Task instructions — Without pictures, repeat the lines of the entries from the one containing "Interference efficiency of" through the last, both ends included, and nothing else.
== Segment start ==
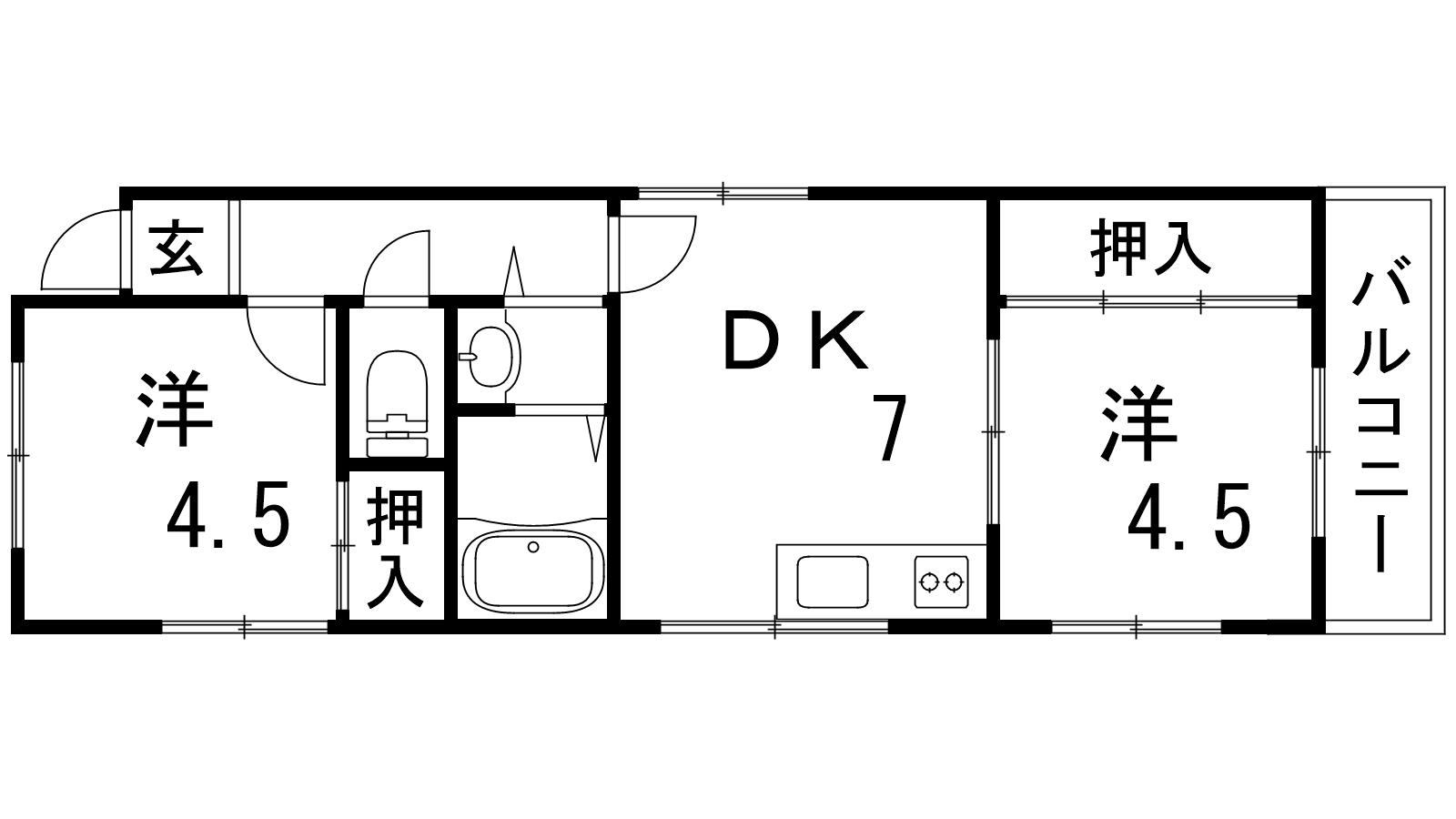- DK7帖、洋室4.5帖、洋室4.5帖
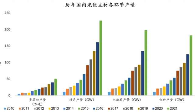 表1:歷年光伏主材各環(huán)節(jié)產(chǎn)量;
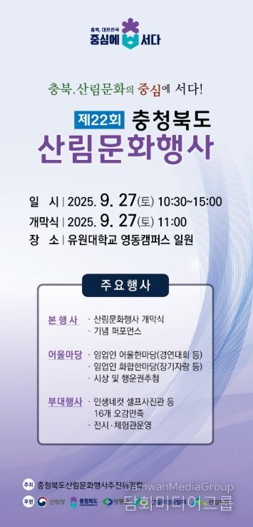 시민행정신문 강갑수 기자 | 제22회 충청북도 산림문화행사가 오는 27일 오전 10시 30분부터 영동군 유원대학교 영동캠퍼스 일원(영동읍 대학로 310)에서 열린다.
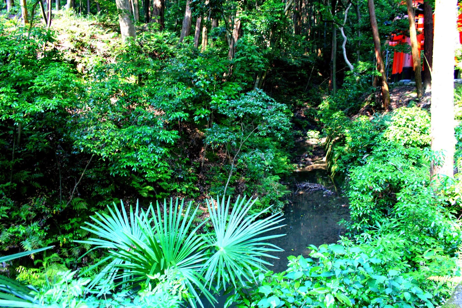 When we finished a little photo shoot of the garden of Ginkakuji we continued our trip on the bicycle in the hills of west Kyoto. The Philosophers’ Path is near Ginkakuji and I saw some nice photos of it and read about it in a guidebook or online, I can’t really remember. We tried to find it but got lost and decided to just make our way to Nanzen-ji. We then encountered the Philosophers’ Walk by chance, but weren’t aware of it until after a while. I thought it would be a nice path between trees and a small river, which it was, but the canal, not river, was dry and there was a road next to it where we were riding, so it wasn’t as ideal as I had pictured it. And the path itself was closed off. So it isn’t really worth going all the way there to see it, I don’t know why people actually recommend seeing it except when the cherry blossoms are in bloom.
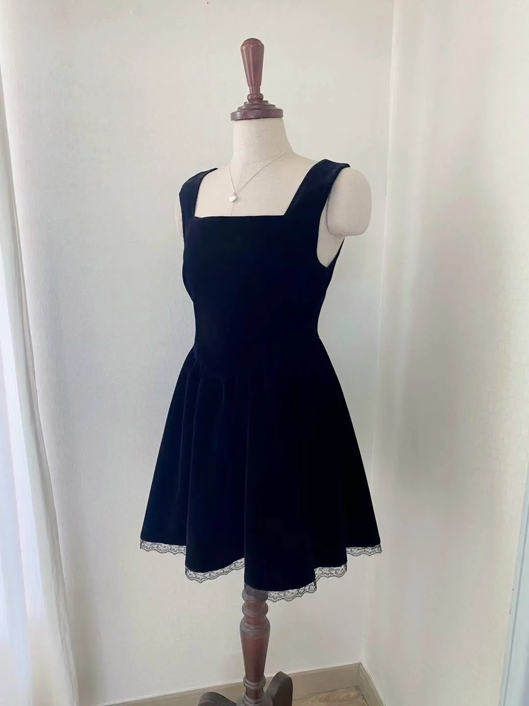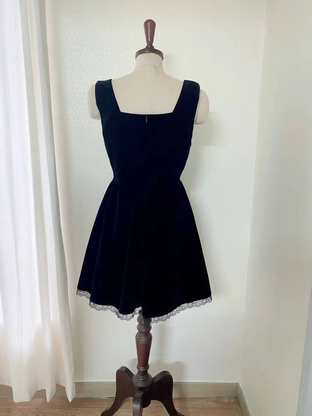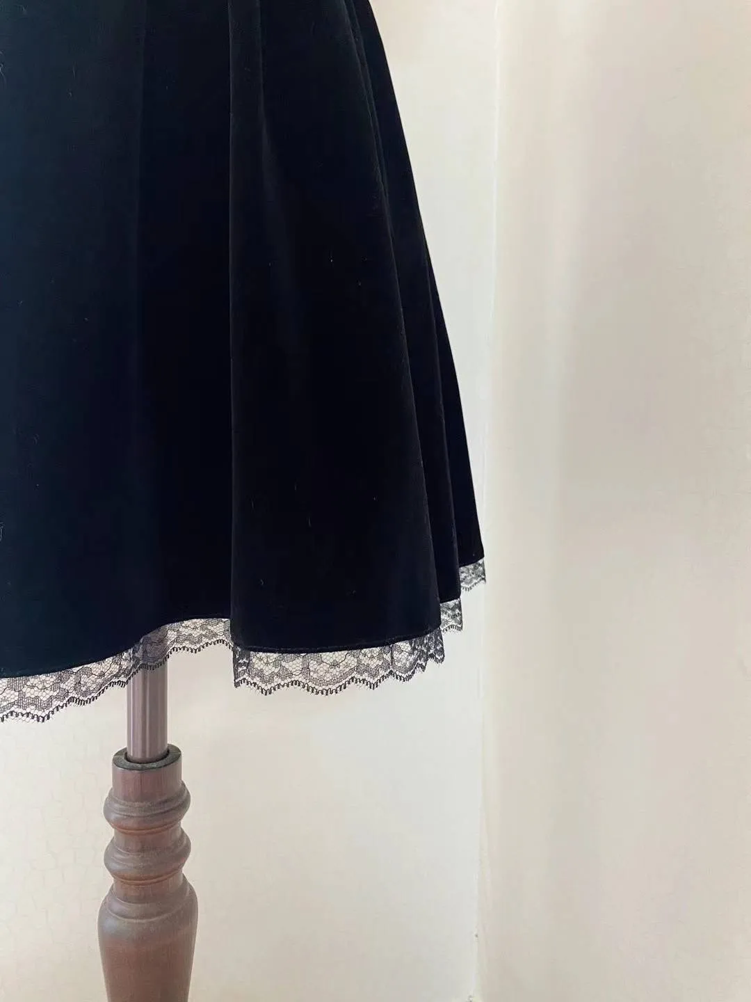 聚酯 高級天鵝絨 下擺透光睫毛蕾絲 有內裡
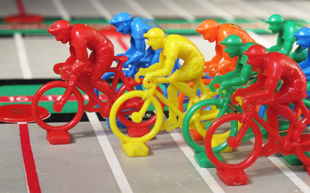 On the other hand, it is compulsory to move with at least one die the last rider in the race. What is worse, if a rider spends three consecutive game turns in the last position and is unable to overtake at least another rider, he is caught by the broom wagon and must leave the game. He will not take part in the following stages either. When the first rider crosses the finish line, the two last players in the race (indepoendently of which team they belong to) will also be eliminated if they are not able to cross the finish line in one throw (with two dice). Furthermore, some riders can be eliminated as a consequence of falls. A team that has less of three riders will not start the next stage(s).
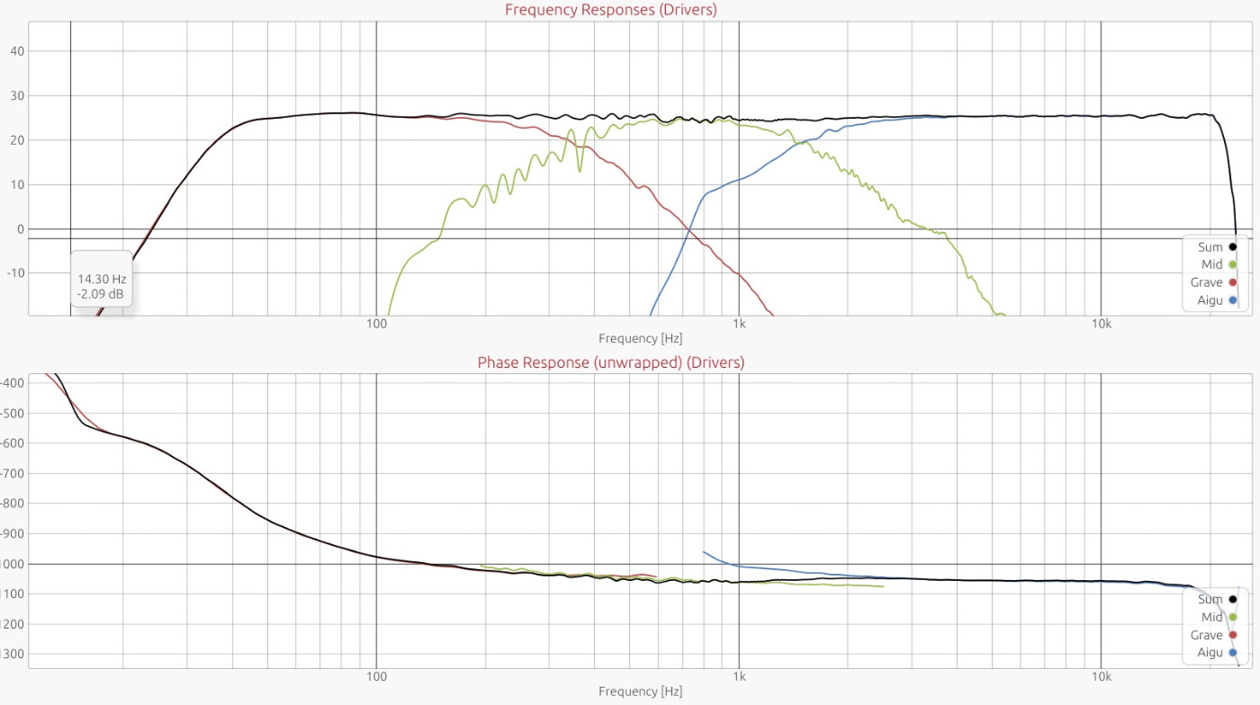 Il faut un peu se méfier des fichiers FRD, ils ne contiennent pas les informations de temps de vol (la durée réelle de propagation liée à la position des moteurs et à l'inertie du système). L'idéal est d'utiliser des réponses impulsionnelles et de mesurer avec une méthode de synchronisation (loopback ou synchronisation acoustique via un chirp sur une seconde enceinte).
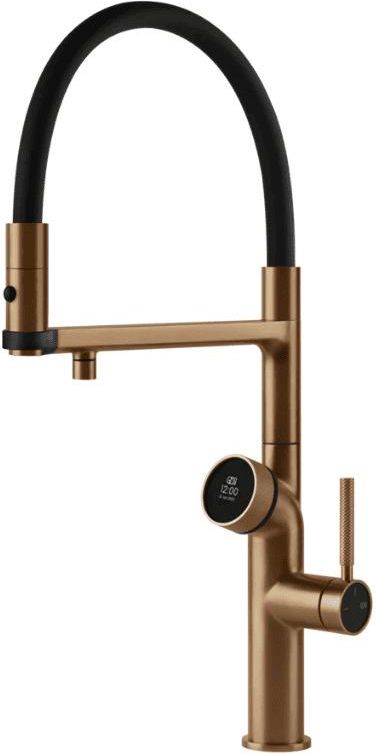 VITA Gessi™ – luksusowa bateria kuchenna z inteligentnym systemem wody z wodą ciepłą i zimną VITA Gessi™ to rewolucja w świecie baterii kuchennych – pierwszy model z cyfrowym interfejsem, który zapewnia maksymalną funkcjonalność, elegancję i wygodę. To wybór dla tych, którzy od codziennych przedmiotów oczekują czegoś więcej – designu, technologii i troski o środowisko. Woda, jakiej potrzebujesz – zawsze pod ręką VITA Gessi™ pozwala cieszyć się wodą filtrowaną dokładnie taką, jaką lubisz: – zimną, gorącą, wrzącą lub gazowaną – a wszystko to z zachowaniem najwyższej czystości i bezpieczeństwa. Zintegrowany cyfrowy interfejs umożliwia szybki wybór rodzaju i ilości wody, a także zapis aż 24 spersonalizowanych ustawień. Wystarczy jedno dotknięcie, by napełnić szklankę, butelkę lub filiżankę wodą w idealnej temperaturze i ilości. Luksus spotyka technologię Bateria VITA Gessi™ została zaprojektowana z myślą o najbardziej wymagających użytkownikach. Minimalistyczna forma, elegancki panel sterujący i intuicyjne ikony sprawiają, że każdy kontakt z urządzeniem jest przyjemnością. Korzyści, które odczujesz od razu: pełna kontrola nad temperaturą i ilością wody, trzy poziomy nasycenia CO₂ w wodzie gazowanej, oszczędność czasu i wygoda – bez konieczności gotowania wody czy chłodzenia w lodówce, natychmiastowy dostęp do wody wrzącej (100°C) – idealnej do herbaty czy gotowania. Dostosowana do Twojego stylu życia Z myślą o różnych potrzebach, system dostępny jest w trzech wersjach funkcjonalnych: z wodą zimną, z wodą ciepłą, lub z wodą ciepłą i wodą zimną Bateria idealnie komponuje się z różnymi aranżacjami kuchni – od nowoczesnych po klasyczne – dzięki aż siedmiu wyjątkowym wykończeniom: Warm Bronze Br. PVD Chrome Matte Black Finox Brushed Nickel Black Metal Br. PVD Copper Brushed PVD Brass Brushed PVD. Komfort użytkowania na najwyższym poziomie Profesjonalna wylewka obraca się o 360°, zapewniając pełną swobodę ruchu. Boczne pokrętło pozwala wygodnie sterować przepływem wody, a wyciągana końcówka ułatwia mycie większych naczyń i zlewu. Specyfikacja techniczna – bez kompromisów: wysokość baterii: 514 mm, zasięg wylewki: 228 mm, wysokość wypływu wody: 290 mm, średnica otworu montażowego: 35 mm, w zestawie: elastyczne węże przyłączeniowe i końcówka typu handshower. Ekologia i bezpieczeństwo w jednym systemie Zaawansowane tryby pracy – Eco, Holiday i Cleaning – pomagają oszczędzać wodę i energię nawet wtedy, gdy z baterii nie korzystasz. VITA Gessi™ dba także o bezpieczeństwo – system wykrywa ewentualny wyciek i automatycznie odcina dopływ wody. Nagrodzona designem, stworzona z myślą o przyszłości VITA Gessi™ została laureatem prestiżowej nagrody iF Design Award 2023 w kategorii Product Design/Kitchen. Jury doceniło ją za połączenie technologii z intuicyjną obsługą, możliwość personalizacji oraz elegancki, ponadczasowy styl. VITA Gessi™ to coś więcej niż bateria – to serce nowoczesnej, świadomej kuchni. Wybierz rozwiązanie, które codzienność zamienia w luksusowy rytuał.
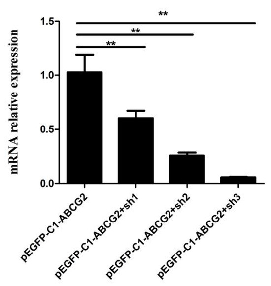 Interference efficiency of three shRNAs for ABCG2 evaluated via qPCR. The results are presented as mean ± SEM from n = 3 independent cultures; ** p < 0.01.
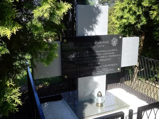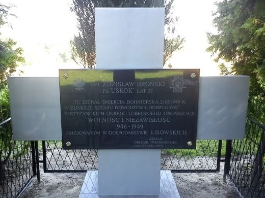 Pomnik ku czci kpt. Zdzisława Brońskiego „Uskoka” w Nowogrodzie, odnowiony w 2012 r. staraniem członków Narodowej Łęcznej i kibiców Górnika Łęczna.
== Segment end ==
Response to this exercise —
 Interference efficiency of three shRNAs for ABCG2 evaluated via qPCR. The results are presented as mean ± SEM from n = 3 independent cultures; ** p < 0.01.
 Pomnik ku czci kpt. Zdzisława Brońskiego „Uskoka” w Nowogrodzie, odnowiony w 2012 r. staraniem członków Narodowej Łęcznej i kibiców Górnika Łęczna.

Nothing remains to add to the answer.